EXERCISE: Everything from the line that contains "temporales con Wavelets." through the last line below should be transcribed exactly, except the pictures.

DATASET EXCERPTS:
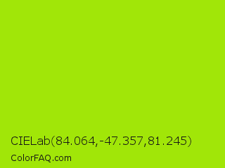CIELab 84.064,-47.357,81.245 Color is a normal lime color and the nearest color is Vivid Lime Green #a6d608. Hex code #a1e608 and RGB value is rgb(161,230,8). In RGB color space, this color is composed of 63% red, 90% green, 3% blue, In CMYK color space, this color is composed of 30% cyan, 0% magenta, 97% yellow , 10% black , In HSL color space, this color has a hue angle of 79° , 93% saturation and 47% lightness.
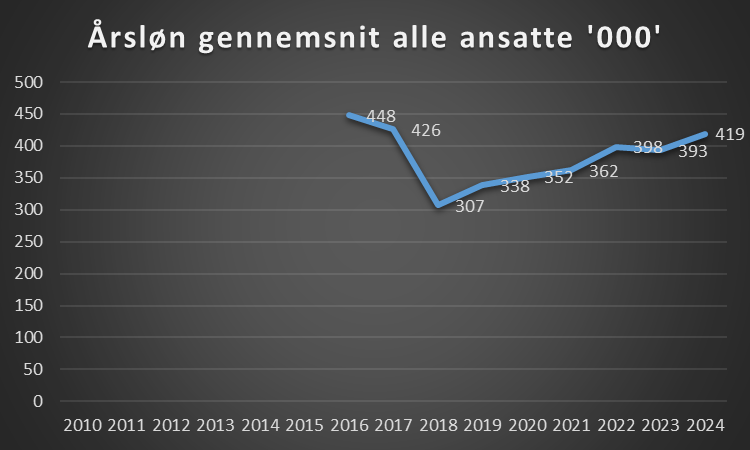 Hvad tjener den enkelte i klubben, der er nok stor forskel i forhold til om du er træner, topspiller eller rookie, men dette er årsløn i gennemsnit for alle ansatte. Data før 2016 er ikke valide da ikke alle oplyser antal ansatte i deres regnskaber
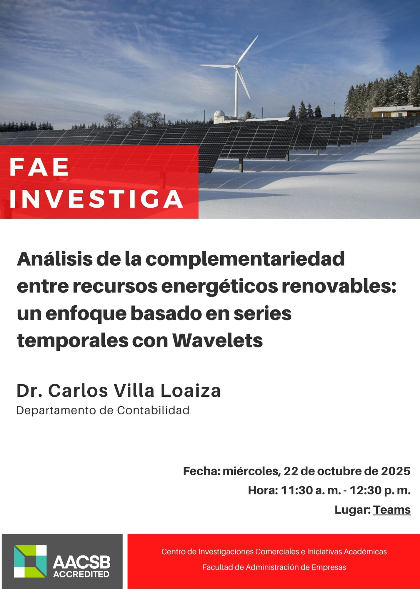 ¡Saludos a todos y a todas! Les invito a la segunda presentación de este año académico de la serie FAE investiga. El doctor Carlos Villa Loaiza, del Departamento de Contabilidad, compartirá su investigación Análisis de la complementariedad entre recursos energéticos renovables: un enfoque basado en series temporales con Wavelets.
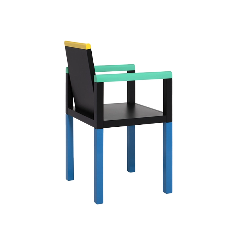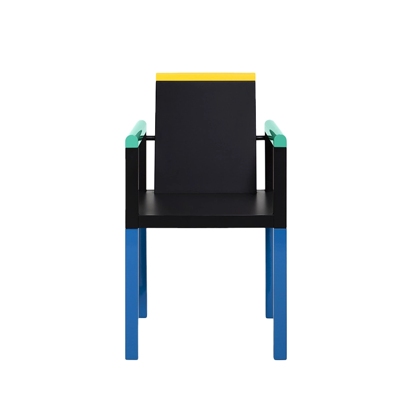 Published by Memphis Milano, Palace was designed by George J. Sowden in 1983. With its solemn, essential presence, the Palace chair is a true icon of Memphis' quiet transformation. The small Palace armchair reinterprets the rationalist forms of design, referring to the clean lines of Bauhaus, while highlighting the structural elements through colour, a favourite of Memphis. The Palace chair by Memphis Milano is more than just a seat, it's a style statement that will instantly transform your space.
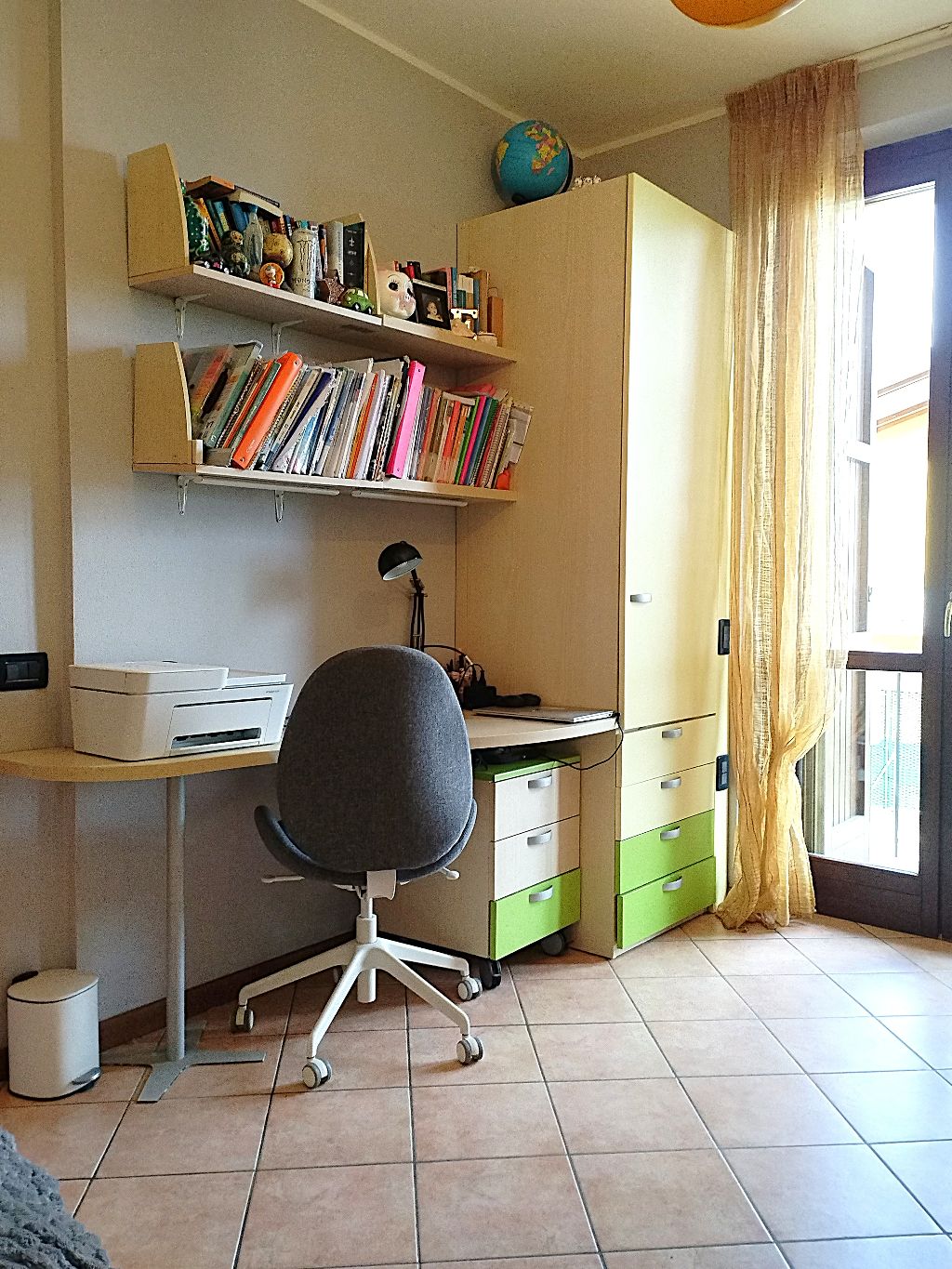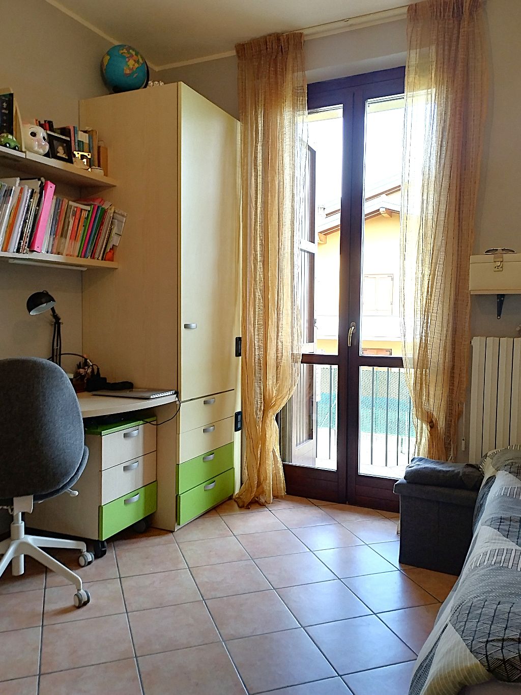 Generosa camera doppia arredabile con 2 letti, mobile a ponte e lato libero per inserire scrivania con porta finestra per accedere all'ultimo terrazzo
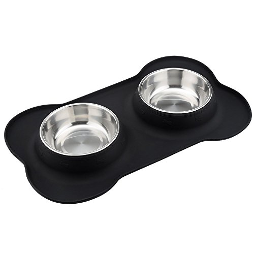 GOGOKING Dogs Bowl Dog Bone Shape Silicone Pet Bowls 12 Oz Feeder Dog Bowl Double Bowl Dog Bowl Set For Dogs Cats And Small Pets (black)

EXERCISE ANSWER:
 ¡Saludos a todos y a todas! Les invito a la segunda presentación de este año académico de la serie FAE investiga. El doctor Carlos Villa Loaiza, del Departamento de Contabilidad, compartirá su investigación Análisis de la complementariedad entre recursos energéticos renovables: un enfoque basado en series temporales con Wavelets.
 Published by Memphis Milano, Palace was designed by George J. Sowden in 1983. With its solemn, essential presence, the Palace chair is a true icon of Memphis' quiet transformation. The small Palace armchair reinterprets the rationalist forms of design, referring to the clean lines of Bauhaus, while highlighting the structural elements through colour, a favourite of Memphis. The Palace chair by Memphis Milano is more than just a seat, it's a style statement that will instantly transform your space.
 Generosa camera doppia arredabile con 2 letti, mobile a ponte e lato libero per inserire scrivania con porta finestra per accedere all'ultimo terrazzo
 GOGOKING Dogs Bowl Dog Bone Shape Silicone Pet Bowls 12 Oz Feeder Dog Bowl Double Bowl Dog Bowl Set For Dogs Cats And Small Pets (black)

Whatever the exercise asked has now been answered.